■ Data shown
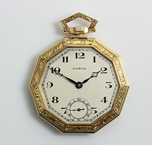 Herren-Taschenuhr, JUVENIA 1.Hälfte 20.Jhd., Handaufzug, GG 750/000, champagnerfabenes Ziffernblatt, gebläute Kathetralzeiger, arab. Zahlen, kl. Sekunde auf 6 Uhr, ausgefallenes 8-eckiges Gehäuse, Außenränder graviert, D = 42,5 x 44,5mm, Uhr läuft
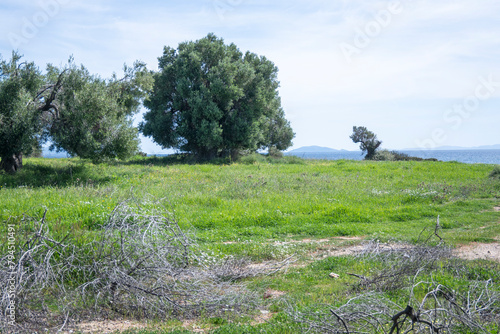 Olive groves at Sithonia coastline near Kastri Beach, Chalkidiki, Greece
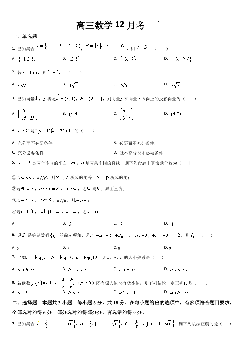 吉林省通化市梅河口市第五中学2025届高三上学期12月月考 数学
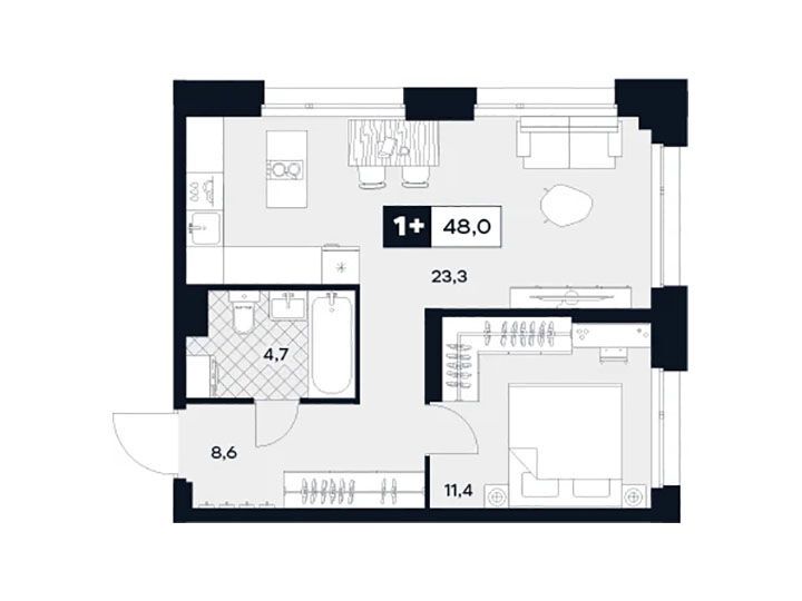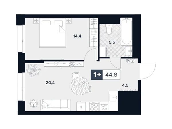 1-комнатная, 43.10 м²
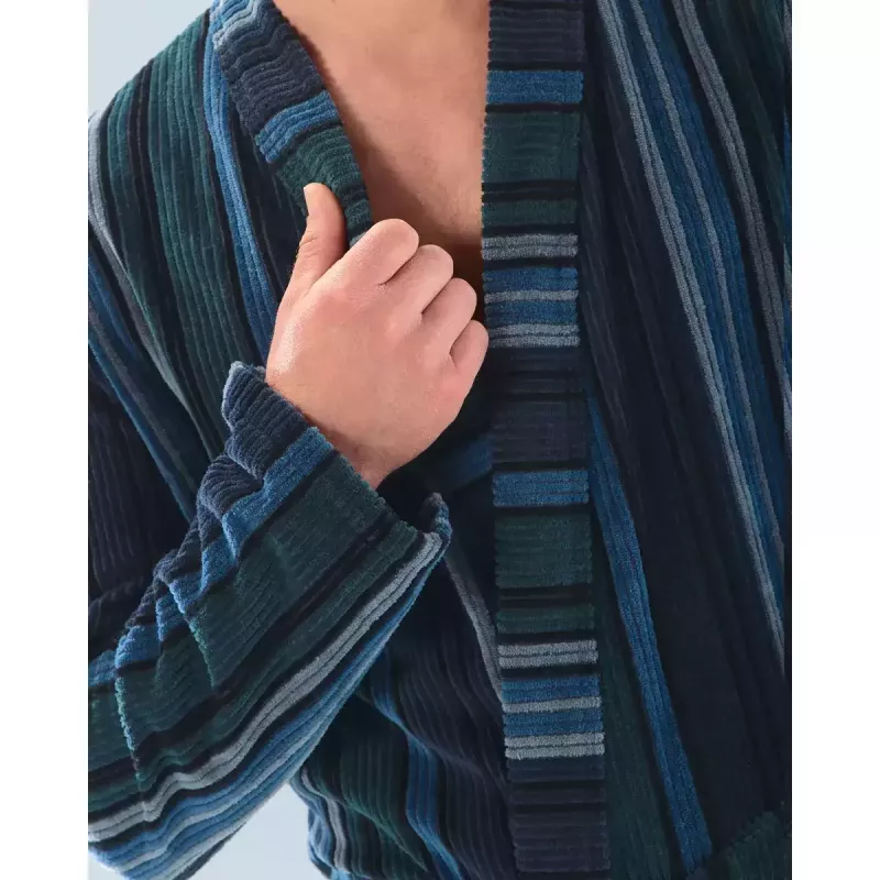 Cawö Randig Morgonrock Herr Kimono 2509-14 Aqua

■ What the task asks
Print the stretch of the data from the line with "Olive groves at" through its last line, exactly and with both ends kept. Omit pictures.

■ Solution to this task
 Olive groves at Sithonia coastline near Kastri Beach, Chalkidiki, Greece
 吉林省通化市梅河口市第五中学2025届高三上学期12月月考 数学
 1-комнатная, 43.10 м²
 Cawö Randig Morgonrock Herr Kimono 2509-14 Aqua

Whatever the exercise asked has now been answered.